Ele foi líder estudantil, elaborou críticas de cinema no rádio e criou peças de teatro. Entrou na luta armada contra a ditadura militar. Com Lamarca, fez treinamento para guerrilha no Vale do Ribeira. Participou de dois sequestros de embaixadores. Na clandestinidade, nunca foi preso. Em Paris, trabalhou numa sauna gay: massagista, garçom, caixa, leão de chácara, gerente, porteiro. De volta ao Brasil, entrou de cabeça no movimento pela redemocratização. Assumiu a linha de frente pelos direitos dos homossexuais e lutou pelo apoio aos doentes de Aids: a solidariedade e o abraço eram suas formas de combate contra a discriminação, o isolamento e o preconceito.
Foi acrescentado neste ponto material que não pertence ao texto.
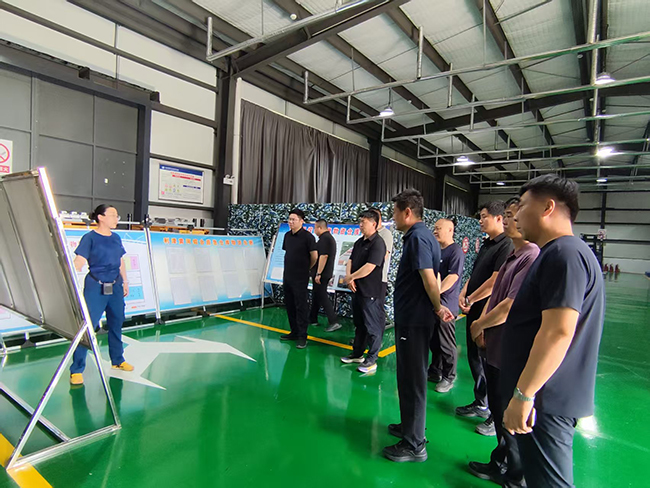 在庭院的小路上,刘倩身着“黄河蓝”工装、手持扩音器,正带领着学习交流团在段上参观。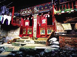 狹長式的房屋大都建在深山里幾十戶大小的村寨。面闊一間并開正門,室內隔間向縱深排列,從正門到后門有7道門之多。正門是大門也是第一道門,是家族的門面,被視為招財進寶和迎接貴客之門。對開門扇高大厚實,門檻上又設兩扇雕刻彩繪的矮門,天熱開大門通風時,可以防止禽畜入戶。大門兩側掛有木刻大字對聯(lián),大門墻面的屋檐下則畫有七彩畫卷。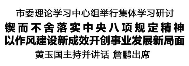 本報(bào)訊(記者 王艷) 1月16日,市委理論學(xué)習(xí)中心組舉行集體學(xué)習(xí)研討,深入學(xué)習(xí)貫徹習(xí)近平新時(shí)代中國特色社會(huì)主義思想,全面貫徹落實(shí)黨的二十屆四中全會(huì)精神,以打攻堅(jiān)戰(zhàn)、持久戰(zhàn)的決心和恒心,鍥而不舍落實(shí)中央八項(xiàng)規(guī)定精神,推進(jìn)作風(fēng)建設(shè)常態(tài)化長(zhǎng)效化,以優(yōu)良作風(fēng)凝心聚力、真抓實(shí)干,為開好民主生活會(huì)打牢思想基礎(chǔ)。市委書記黃玉國主持并講話。市長(zhǎng)詹鵬出席。
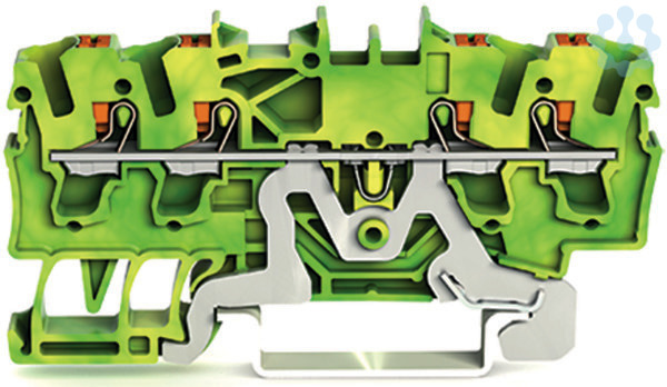4-Leiter-Schutzleiterklemme mit Drücker 2,5mm² grün-gelb
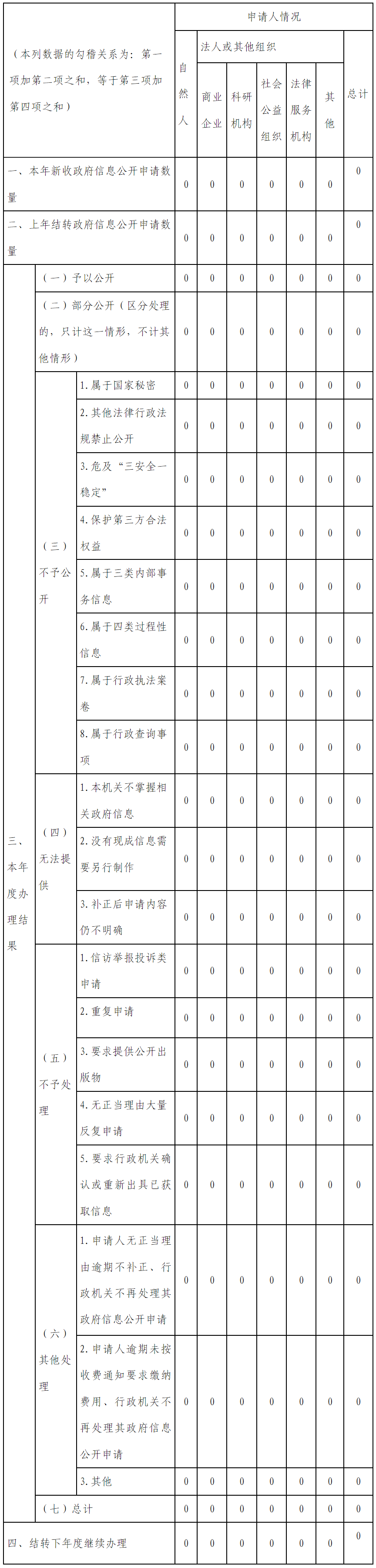 三、收到和处理政府信息公开申请情况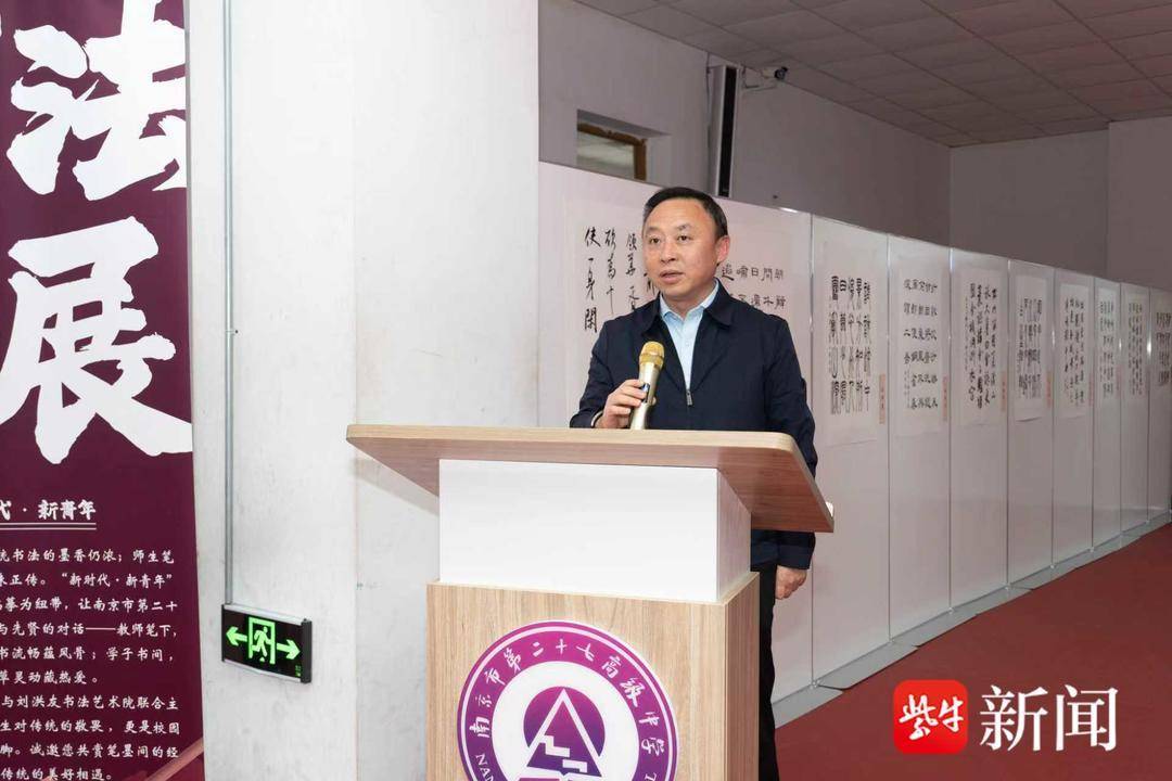 翰墨飘香歌盛事,丹青流彩写华章。11月10日,南京市第二十七高级中学体育馆内墨香四溢,“新时代·新青年”师生书法展览交流活动隆重启幕。领导嘉宾莅临现场,著名书法教育家、南京刘洪友书法艺术院院长刘洪友亲临现场,与二十七高书法班师生亲切交流。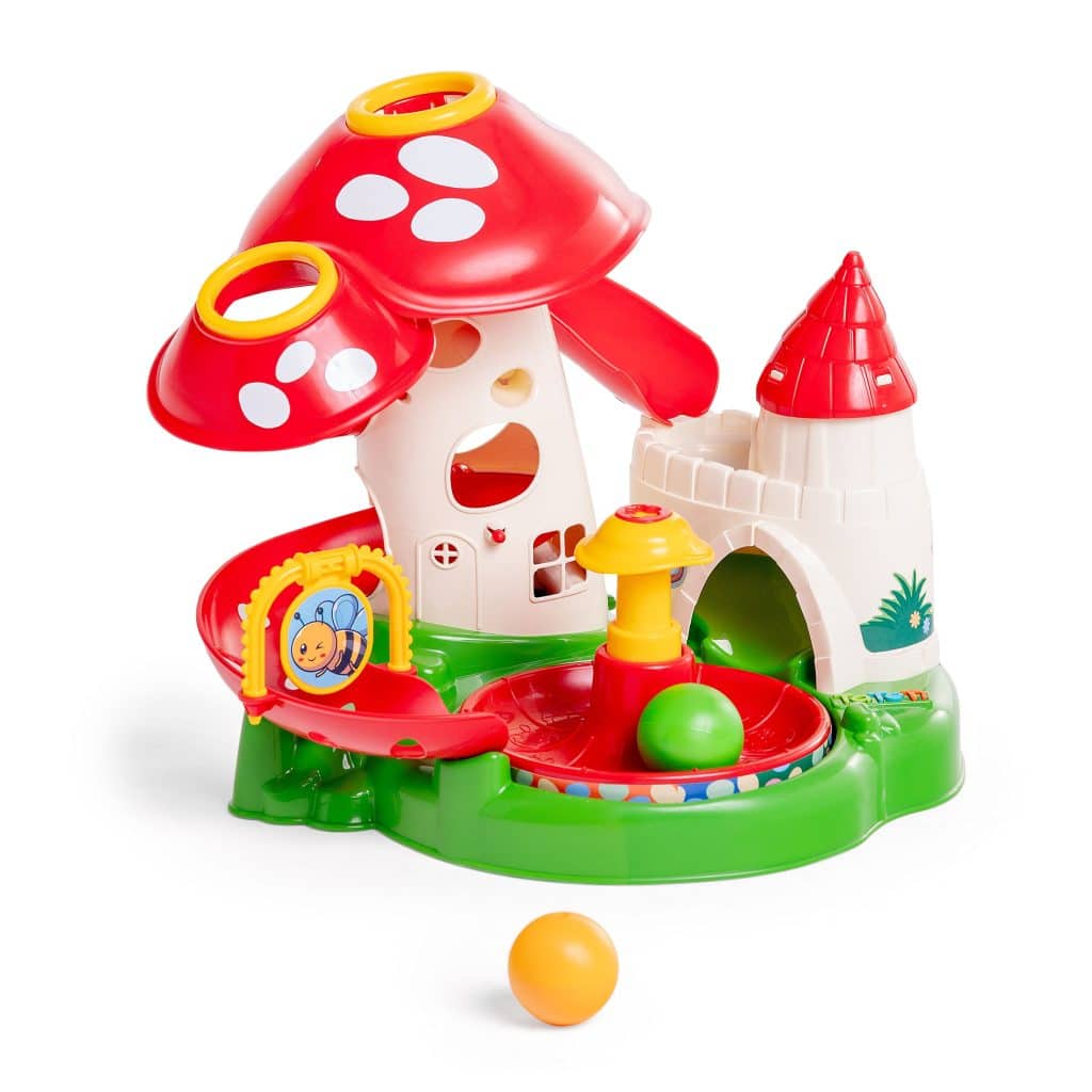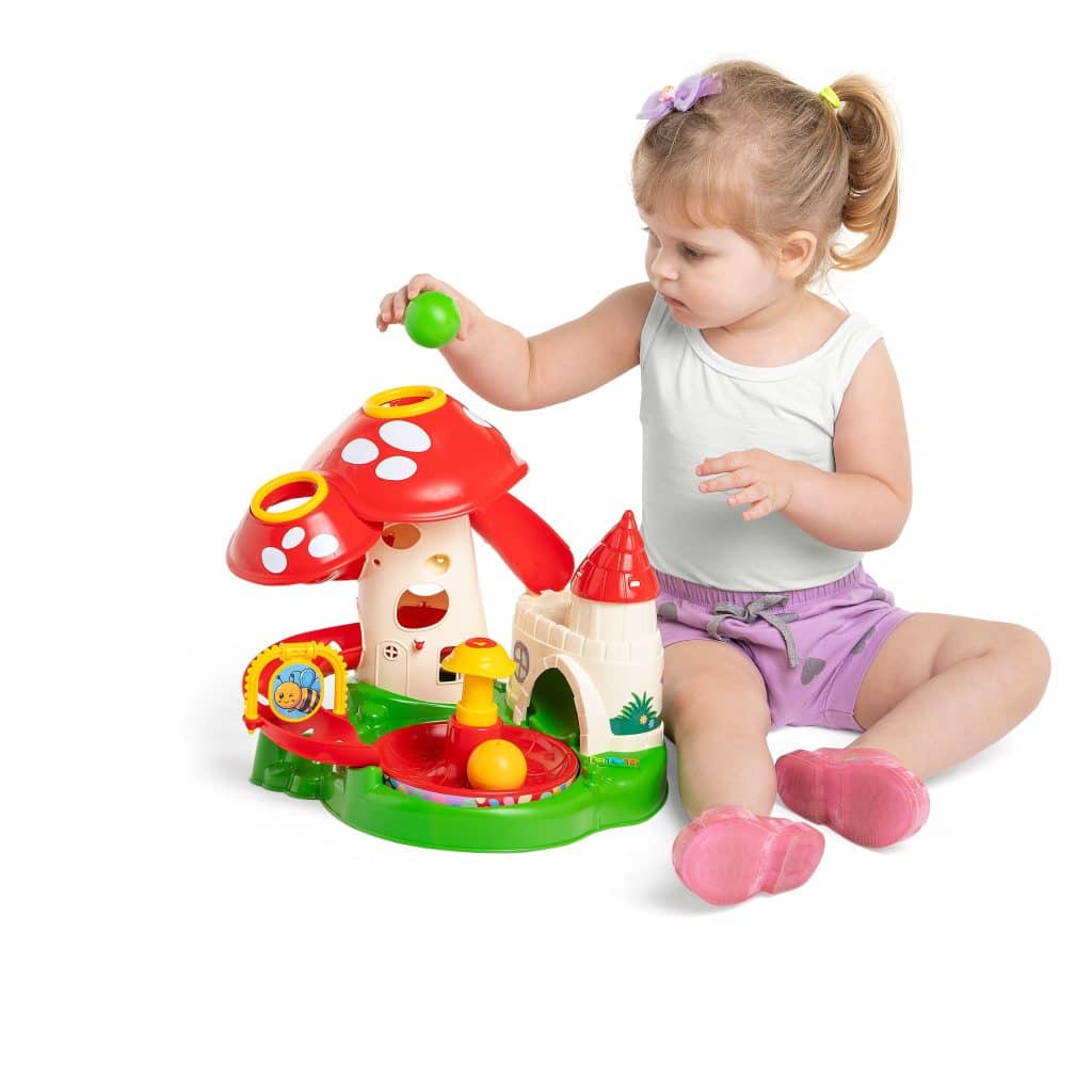 Diversão em forma de cogumelo! O Bello Cogumelo da Tateti traz três escorregadores sinuosos e uma roleta mágica para girar as bolinhas — tudo para encantar e estimular os pequenos.

Essa múltipla trajetória é de Herbert Eustáquio de Carvalho, conhecido como Herbert Daniel, e está em “Revolucionário e Gay – A Vida Extraordinária de Herbert Daniel”, de James Green. Professor de história latino-americana na Brown University (EUA), o autor falou ao TUTAMÉIA sobre o livro (editado pela Civilização Brasileira) e a situação política brasileira.
A obra traz depoimento da presidenta Dilma Rousseff, que militou com Daniel. “Vivíamos a opção pela luta armada e compartilhamos convicções, confidências e sonhos. Ficamos muito amigos e assisti no dia a dia daqueles tempos a sua progressiva transformação em Herbert Daniel”, escreve Dilma na orelha do livro.
Ao TUTAMÉIA, Green dá detalhes dessa metamorfose (acompanhe no vídeo acima). Trata das angústias do militante que, em certo momento, resolve reprimir sua sexualidade em nome da luta revolucionária. Depois, confronta paradigmas conservadores para amplificar o debate por direitos LGBTs. Expõe os embates políticos e o contexto ditatorial que buscava esmagar uma geração em busca da liberdade.
Diretor da Brown’s Brazil Iniciative e do Opening the Archives Project e diretor-executivo da Brazilian Studies Association, Green, nascido em 1951, é ativista da causa LGBT. Atuou contra a Guerra do Vietnã e acabou se interessando pela América Latina, onde ele achava que os EUA poderiam provocar um novo conflito. Viveu no Brasil entre 1976 e 1982.


Na entrevista, Green fala de sua preocupação com o avanço da direita no Brasil e no mundo. Diz que políticos de direita –como Trump, Le Pen e Bolsonaro– trabalham com o medo:
“Conseguem uma base de pessoas, de classe média baixa, com medo e com paranoias de que o outro vai dominar o mundo. E isso é perigoso não só pela possibilidade de acabar com as conquistas dos últimos quarenta anos, mas para levar o mundo para o fascismo”. E acrescenta:
“Digo isso com muito cuidado. Porque é muito perigoso fazer analogias com o que aconteceu nos anos 1930 e 1940. São situações diferentes; analogias simplificadas podem desvalorizar tanto a realidade do passado quanto não entender a realidade do presente, fazendo comparações que não batem. Mas é muito preocupante. O fato de Bolsonaro ter um apelo no país é muito preocupante para o Brasil. Se 20% da população está apoiando essa ideia é muito pior do que a UDN dos governos entre 1945 e 1964 tinham. Ou que o integralismo durante os anos 1930.”
Green é um ativista contra o golpe que derrubou a presidenta Dilma Rousseff. Com ela, percorreu os EUA para denunciar o impeachment. Agora, protesta contra a prisão do presidente Lula, apontando a farsa do processo judicial do Triplex.
“A democracia está em risco desde 2016, desde o golpe. Ainda está em risco e vai ficar mais em risco. O fato de Bolsonaro ter tanto apoio é indicação de que está em risco. Fizeram o golpe para derrubar Dilma e não deixar Lula ser candidato. Depois vão deixar o PT ter candidato? Não sei. Espero que as Forças Armadas fiquem tranquilas, sem pensar na necessidade de intervenção na sociedade, mas pode acontecer. Pode ter situações muito piores do que Temer no governo nos próximos anos”.
Ao TUTAMÉIA, Green fala dos cenários eleitorais (compara com a eleição de 1945, em que Getúlio Vargas transferiu votos para o seu candidato no último momento), do avanço conservador, da luta LGBT.